Segment Start: THE DATA

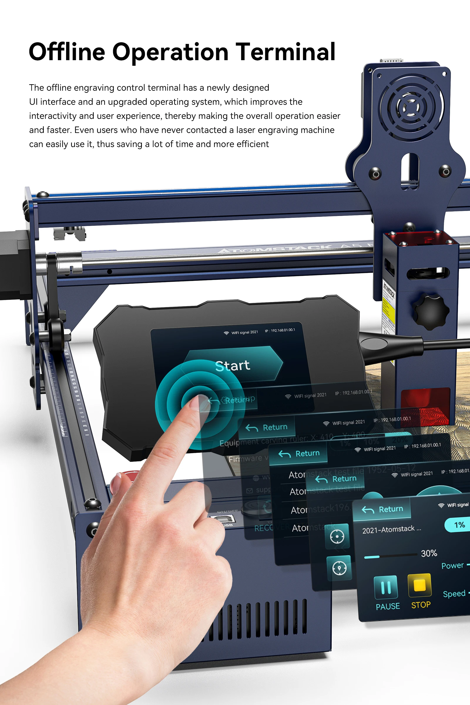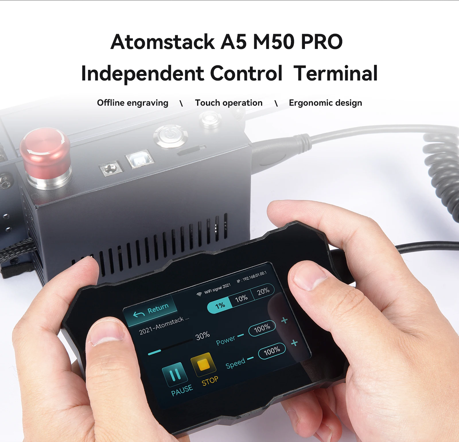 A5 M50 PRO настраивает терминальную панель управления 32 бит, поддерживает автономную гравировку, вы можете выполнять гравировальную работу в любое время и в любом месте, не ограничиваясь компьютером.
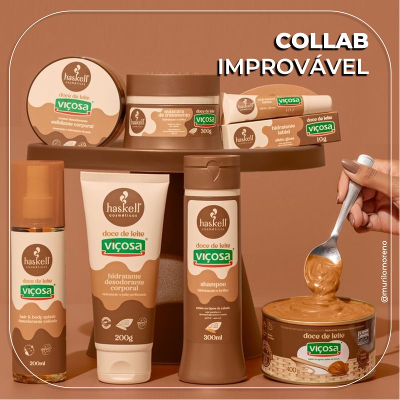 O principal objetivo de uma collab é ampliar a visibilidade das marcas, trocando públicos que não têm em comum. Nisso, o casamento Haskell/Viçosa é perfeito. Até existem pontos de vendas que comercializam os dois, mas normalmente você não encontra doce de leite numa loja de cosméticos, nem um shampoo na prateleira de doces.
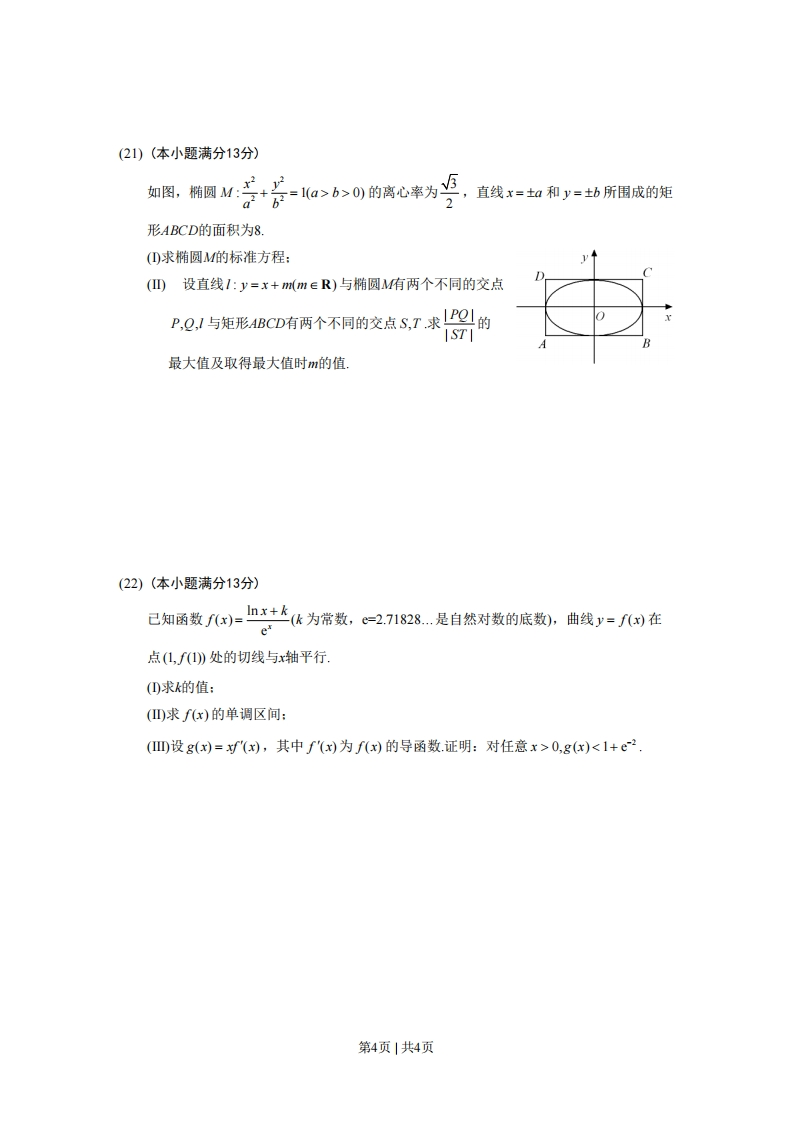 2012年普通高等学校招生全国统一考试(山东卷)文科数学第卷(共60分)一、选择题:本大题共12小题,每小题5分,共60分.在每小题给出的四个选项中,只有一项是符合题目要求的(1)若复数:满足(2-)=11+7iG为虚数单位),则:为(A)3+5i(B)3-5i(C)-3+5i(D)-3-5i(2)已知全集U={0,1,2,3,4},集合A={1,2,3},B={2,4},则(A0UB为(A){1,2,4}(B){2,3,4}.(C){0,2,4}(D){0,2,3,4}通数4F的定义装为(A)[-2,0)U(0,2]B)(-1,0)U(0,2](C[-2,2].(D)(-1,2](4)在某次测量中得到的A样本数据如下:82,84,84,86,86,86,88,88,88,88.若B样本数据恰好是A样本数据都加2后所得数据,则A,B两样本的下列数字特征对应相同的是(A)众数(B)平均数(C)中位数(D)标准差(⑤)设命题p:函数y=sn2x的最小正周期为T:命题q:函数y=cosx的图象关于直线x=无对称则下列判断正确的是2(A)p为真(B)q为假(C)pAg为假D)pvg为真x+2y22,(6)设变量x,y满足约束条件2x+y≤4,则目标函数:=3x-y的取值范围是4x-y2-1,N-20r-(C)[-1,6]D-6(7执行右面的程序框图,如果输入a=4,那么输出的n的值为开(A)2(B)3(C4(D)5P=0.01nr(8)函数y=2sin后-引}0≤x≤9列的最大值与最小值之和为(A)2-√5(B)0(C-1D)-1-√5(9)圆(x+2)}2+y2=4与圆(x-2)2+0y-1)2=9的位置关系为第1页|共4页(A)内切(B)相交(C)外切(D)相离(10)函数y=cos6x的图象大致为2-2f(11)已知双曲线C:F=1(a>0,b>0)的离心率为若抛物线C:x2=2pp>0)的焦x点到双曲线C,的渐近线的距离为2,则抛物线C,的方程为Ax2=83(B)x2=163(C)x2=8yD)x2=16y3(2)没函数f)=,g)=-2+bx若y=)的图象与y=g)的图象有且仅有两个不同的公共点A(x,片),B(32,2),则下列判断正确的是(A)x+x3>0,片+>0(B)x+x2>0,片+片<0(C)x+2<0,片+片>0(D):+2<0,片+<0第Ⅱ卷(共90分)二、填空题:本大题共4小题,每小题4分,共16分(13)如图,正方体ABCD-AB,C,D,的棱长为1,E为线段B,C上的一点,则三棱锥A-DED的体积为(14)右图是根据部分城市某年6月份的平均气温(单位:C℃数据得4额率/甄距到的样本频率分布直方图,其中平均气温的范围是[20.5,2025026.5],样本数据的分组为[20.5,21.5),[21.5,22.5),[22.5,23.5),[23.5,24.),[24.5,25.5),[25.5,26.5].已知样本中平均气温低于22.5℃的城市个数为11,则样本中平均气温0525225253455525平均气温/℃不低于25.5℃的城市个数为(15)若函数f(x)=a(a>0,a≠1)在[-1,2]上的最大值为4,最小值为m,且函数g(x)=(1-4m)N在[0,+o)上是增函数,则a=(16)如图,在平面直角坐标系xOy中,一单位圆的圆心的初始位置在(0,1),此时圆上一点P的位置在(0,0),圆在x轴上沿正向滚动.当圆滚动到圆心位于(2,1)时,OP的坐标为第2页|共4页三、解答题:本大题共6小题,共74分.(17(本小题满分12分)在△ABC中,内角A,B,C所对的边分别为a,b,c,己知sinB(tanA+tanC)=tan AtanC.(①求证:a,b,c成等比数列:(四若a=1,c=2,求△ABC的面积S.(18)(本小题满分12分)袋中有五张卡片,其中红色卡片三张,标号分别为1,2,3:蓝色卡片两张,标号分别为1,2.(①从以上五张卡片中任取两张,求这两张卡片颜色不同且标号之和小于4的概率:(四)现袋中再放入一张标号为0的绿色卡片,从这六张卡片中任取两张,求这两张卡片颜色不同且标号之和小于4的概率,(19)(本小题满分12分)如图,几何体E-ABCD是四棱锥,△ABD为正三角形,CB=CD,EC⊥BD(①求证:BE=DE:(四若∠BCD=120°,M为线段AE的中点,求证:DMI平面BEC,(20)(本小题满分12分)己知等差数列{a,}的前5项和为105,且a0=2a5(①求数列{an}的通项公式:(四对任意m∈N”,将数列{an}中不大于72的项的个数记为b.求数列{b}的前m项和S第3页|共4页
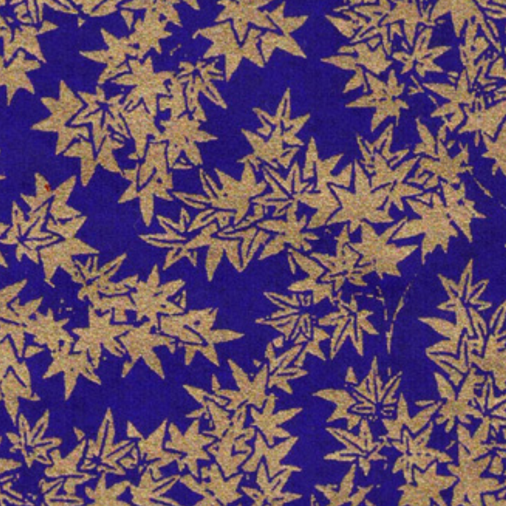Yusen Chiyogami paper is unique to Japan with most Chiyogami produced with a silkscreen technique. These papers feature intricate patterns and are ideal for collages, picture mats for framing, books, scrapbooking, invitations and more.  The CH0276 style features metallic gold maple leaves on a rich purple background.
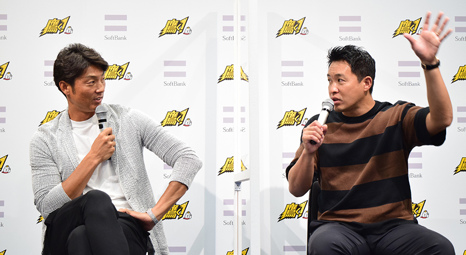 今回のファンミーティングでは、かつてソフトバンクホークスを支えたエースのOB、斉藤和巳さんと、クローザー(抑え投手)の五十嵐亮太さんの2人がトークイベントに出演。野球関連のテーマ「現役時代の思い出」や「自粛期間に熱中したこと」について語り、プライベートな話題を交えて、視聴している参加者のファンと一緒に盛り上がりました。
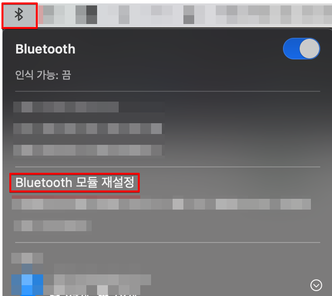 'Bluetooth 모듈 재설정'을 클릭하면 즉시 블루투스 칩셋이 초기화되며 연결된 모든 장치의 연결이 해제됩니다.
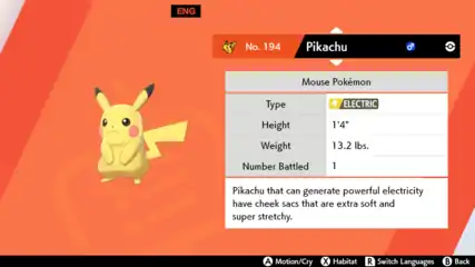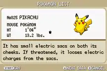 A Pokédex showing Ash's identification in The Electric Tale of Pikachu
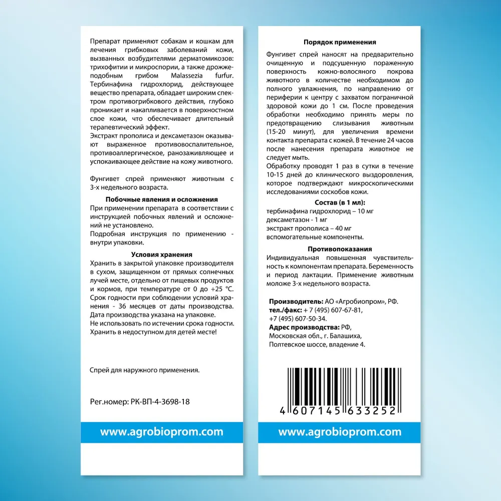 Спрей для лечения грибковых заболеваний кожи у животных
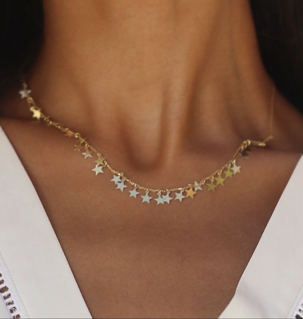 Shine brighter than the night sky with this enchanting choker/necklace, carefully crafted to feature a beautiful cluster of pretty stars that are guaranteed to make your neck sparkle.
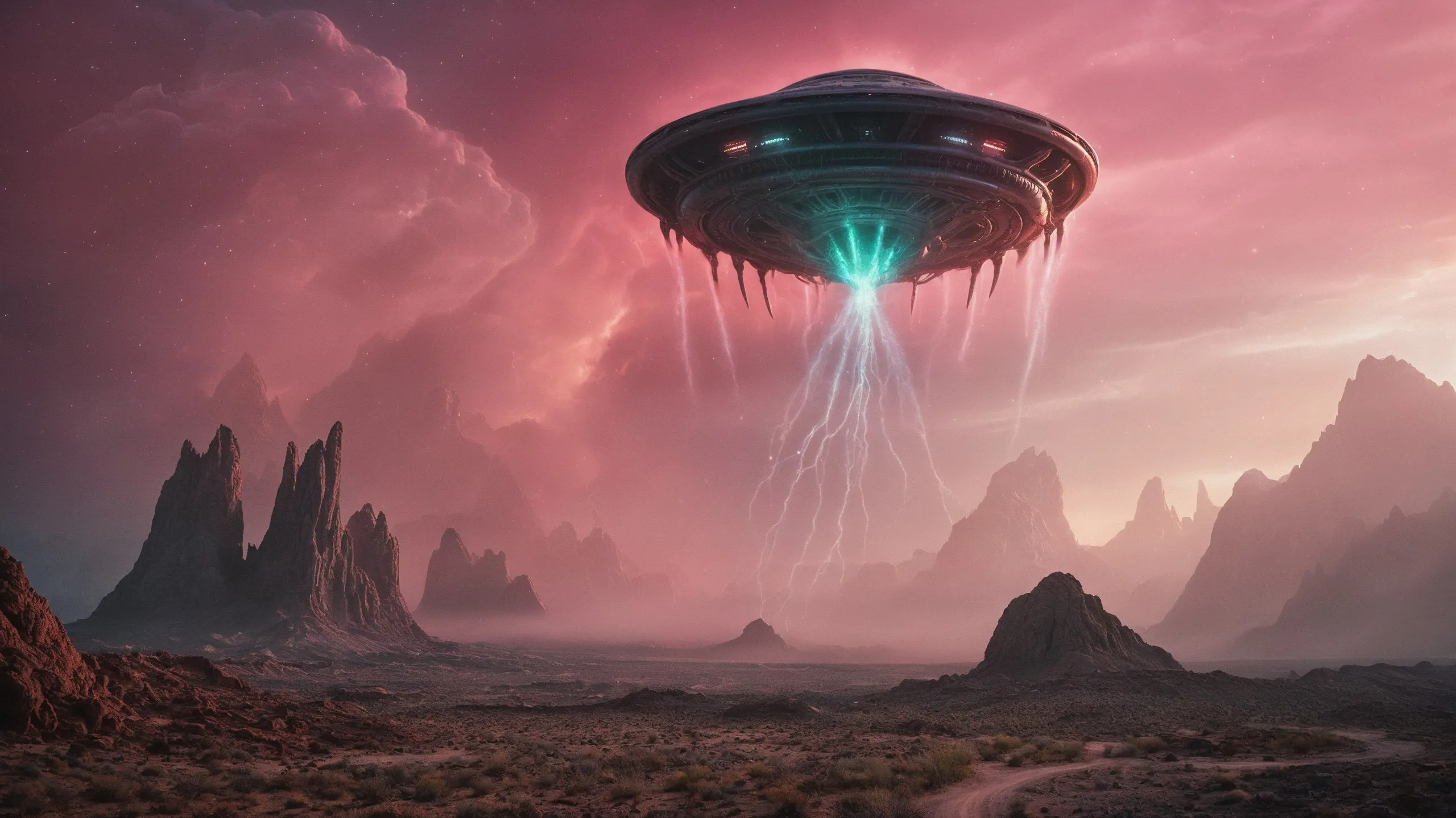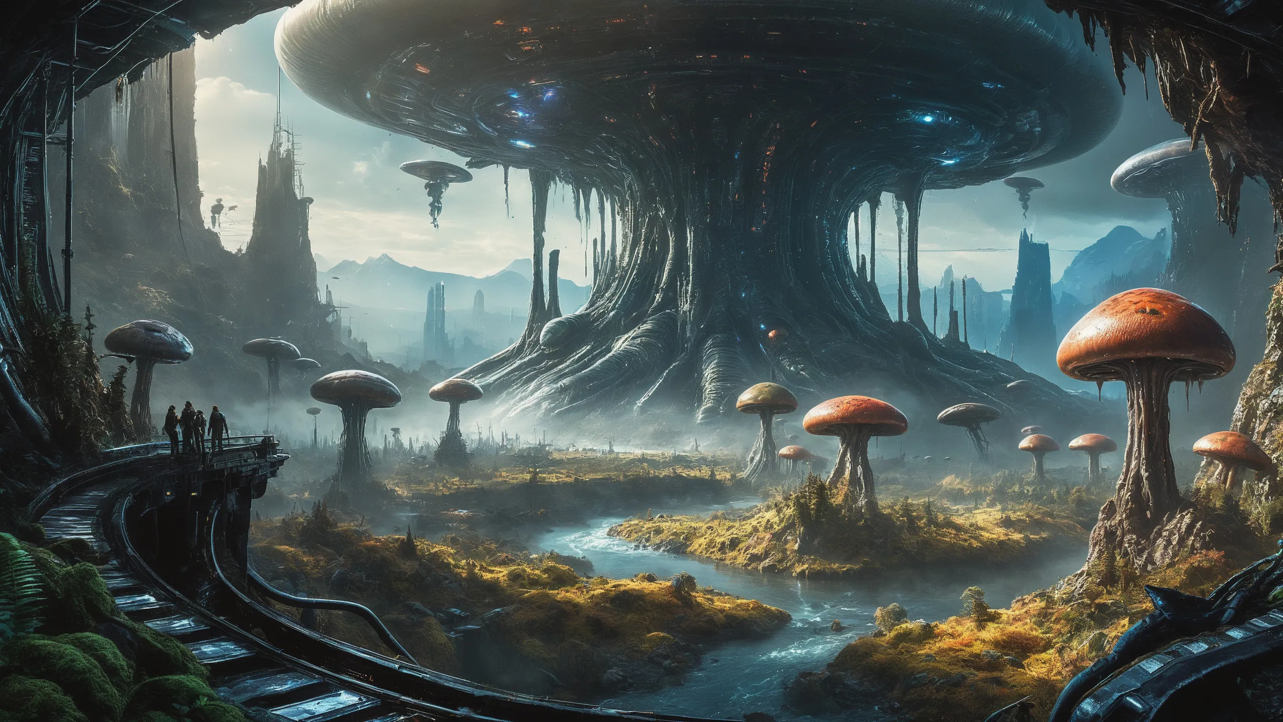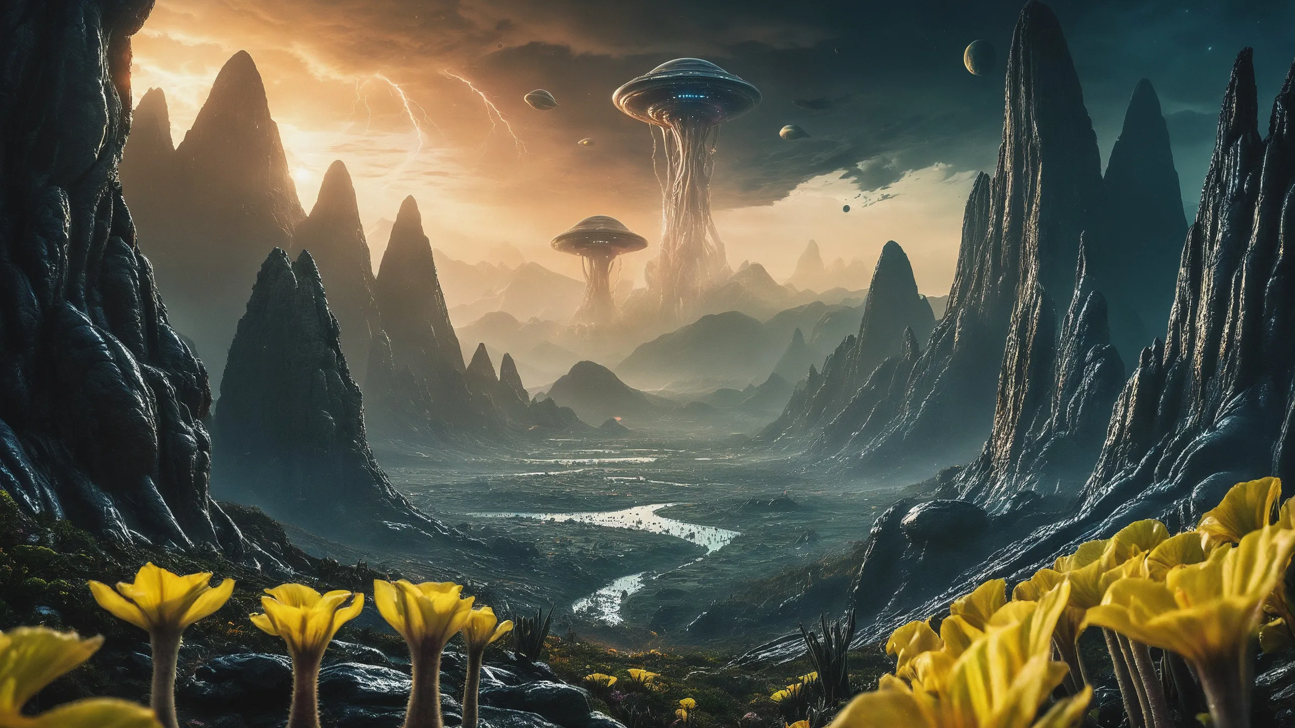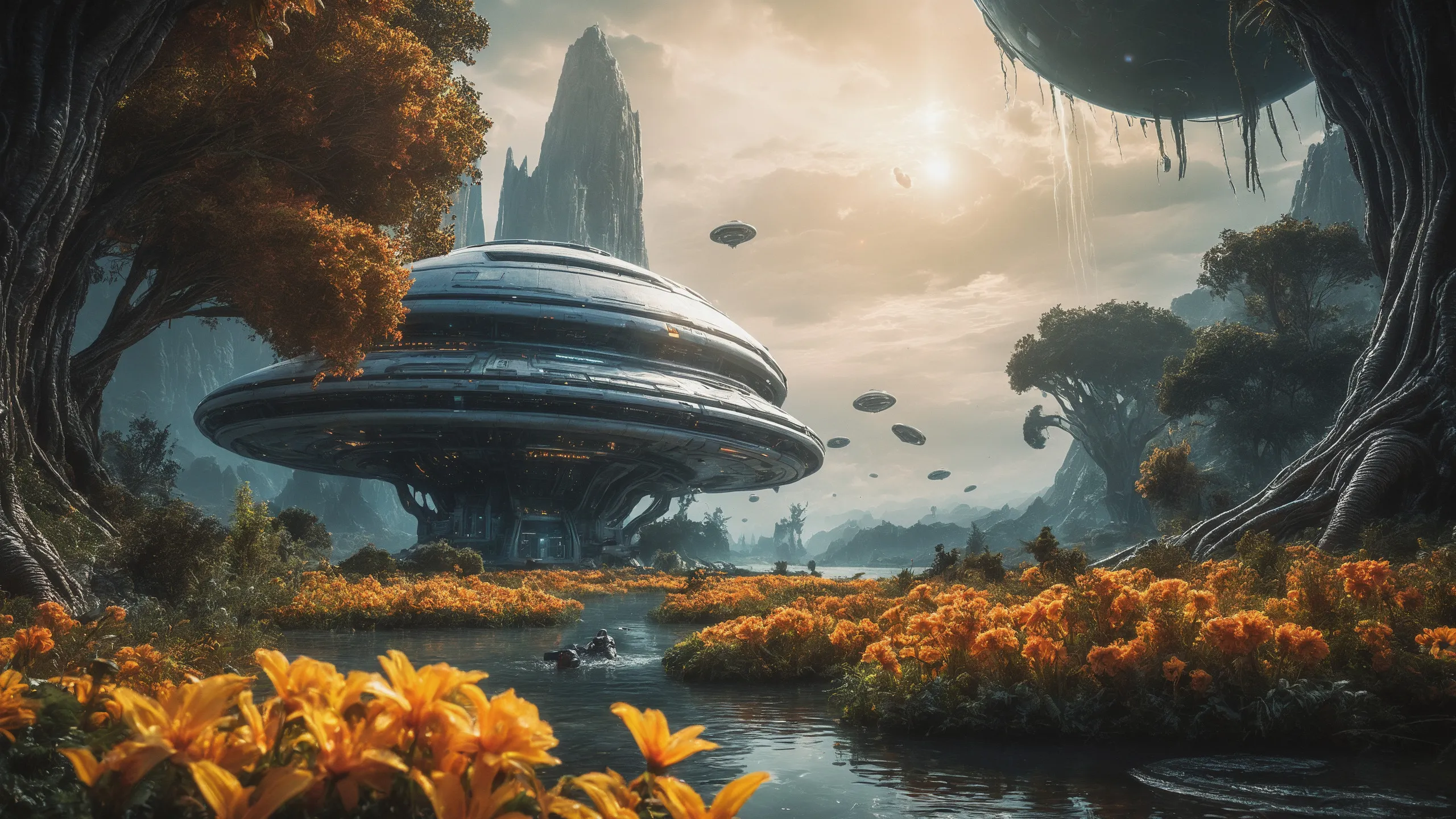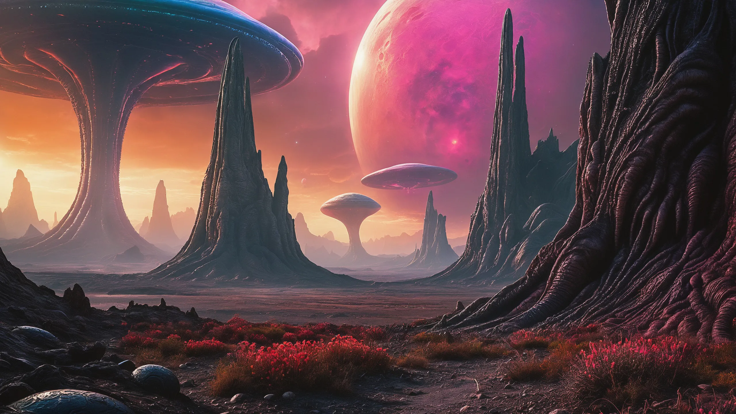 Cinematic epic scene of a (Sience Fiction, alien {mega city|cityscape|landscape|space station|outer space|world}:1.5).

Segment End: THE DATA

§ TASK TO CARRY OUT
Reproduce nothing but the lines from the line containing "장치의 연결이 해제됩니다." through the last line of the data above, exactly as written and without pictures.

§ YOUR RESPONSE
 'Bluetooth 모듈 재설정'을 클릭하면 즉시 블루투스 칩셋이 초기화되며 연결된 모든 장치의 연결이 해제됩니다.
 A Pokédex showing Ash's identification in The Electric Tale of Pikachu
 Спрей для лечения грибковых заболеваний кожи у животных
 Shine brighter than the night sky with this enchanting choker/necklace, carefully crafted to feature a beautiful cluster of pretty stars that are guaranteed to make your neck sparkle.
 Cinematic epic scene of a (Sience Fiction, alien {mega city|cityscape|landscape|space station|outer space|world}:1.5).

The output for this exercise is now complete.